Janice Esther Tulk is the senior research associate for the Purdy Crawford Chair in Aboriginal Business Studies in the Shannon School of Business at Cape Breton University. Her research focusses on the Membertou business model, the Unama’ki economic development model, and wise practices in Aboriginal economic development. She is also collaborating with researchers from the community of Membertou and the Native Nations Institute at University of Arizona on a land management project that will assist Membertou in developing and implementing its own land code. She is actively engaged in dialogues with Aboriginal business students across the country about the challenges and barriers they face in pursuing higher education, serves as a mentor to Aboriginal MBA students at Cape Breton University, and provides support to the Business Network for Aboriginal Youth mentorship program.

Tulk remains active as a researcher in the fields of ethnomusicology and folklore, and is currently authoring a book focussed on Mi’kmaw musical expressions and their relationship to the soundscape of Mi’kma’ki. This manuscript is based on research conducted during her tenure as a SSHRC postdoctoral fellow in Unama'ki College (formerly the Mi’kmaq College Institute) at Cape Breton University. Her manuscript, tentatively titled Sounds of Contact: Colonial Encounter, Senses of Place, and Musical Expression in Mi'kmaw Communities, was selected for inclusion in the 2011 Folklore Studies in a Multicultural World Author Workshop.

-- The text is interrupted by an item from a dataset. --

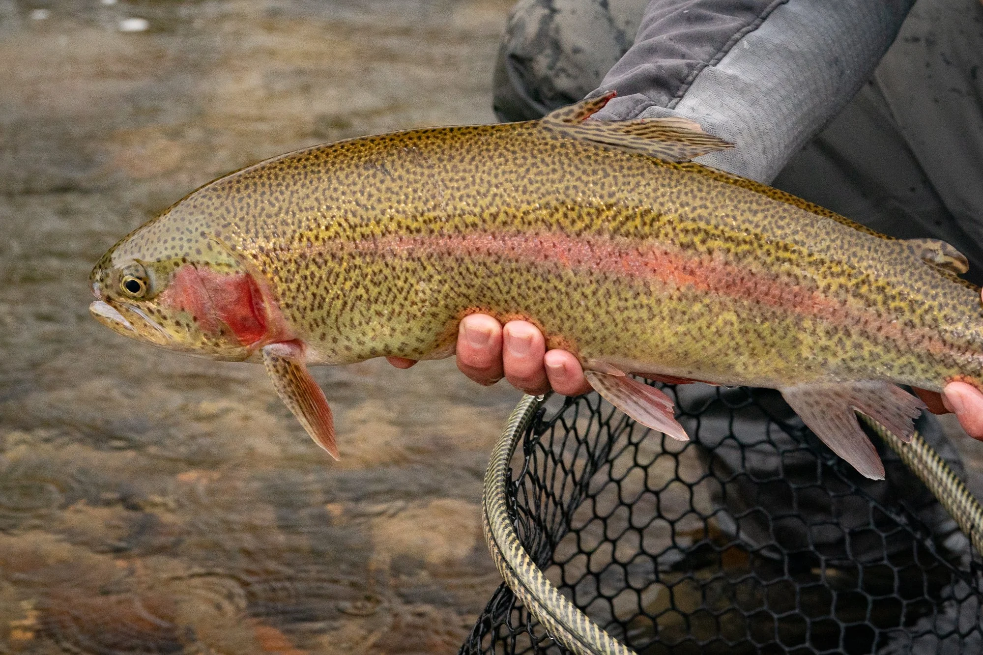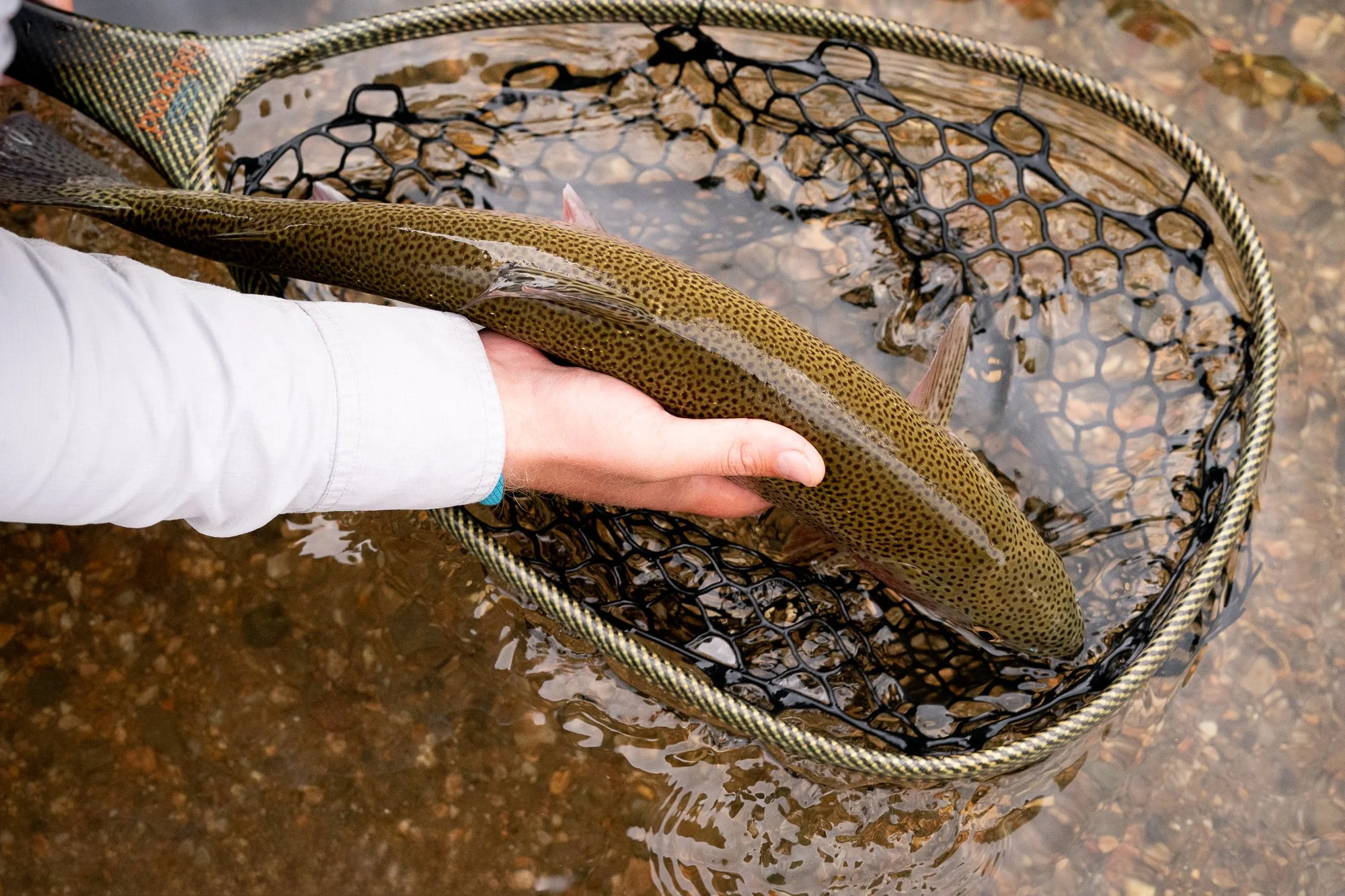 Netting a large Rainbow Trout

Tulk's doctoral dissertation, titled “Our Strength is Ourselves”: Status, Identity, and Cultural Revitalization Among the Mi’kmaq in Newfoundland (Memorial University, 2008) explores the way in which contemporary music-making practices such as powwow are localized to express both Mi’kmaw identity and First Nations identity more broadly. Her other research interests include Indigenous cultural tourism, cultural constructions of vocal health, local character anecdotes about Mi’kmaw Matthew “Mattie” Mitchell, Indigenous popular musics, the representation of Indigenous culture in media, and Newfoundland soundscapes. As a classically-trained mezzo-soprano, she has performed in productions of The Coronation of Poppea (Monteverdi) as Arnalta and Dido and Aeneas (Purcell) as the Sorceress, and given concerts of such works as Schumann’s Frauenliebe und Leben. In her free time, she sings with the newly formed Cape Breton University ensemble the Endnotes.

Tulk has published her research in MUSICultures, the Journal of Aboriginal Economic Development, Newfoundland & Labrador Studies, the Canadian Journal for Traditional Music, and Culture & Tradition, as well as the anthologies Aboriginal Music in Contemporary Canada (edited by Hoefnagels and Diamond), Drawn to Sound: Animation Film Music and Sonicity (edited by Coyle), and Folk Music, Traditional Music, Ethnomusicology: Canadian Perspectives, Past and Present (edited by Hoefnagels and Smith). She is also the producer and author of a documentary sound recording titled Welta’q – “It Sounds Good”: Historic Recordings of the Mi’kmaq (CD/book).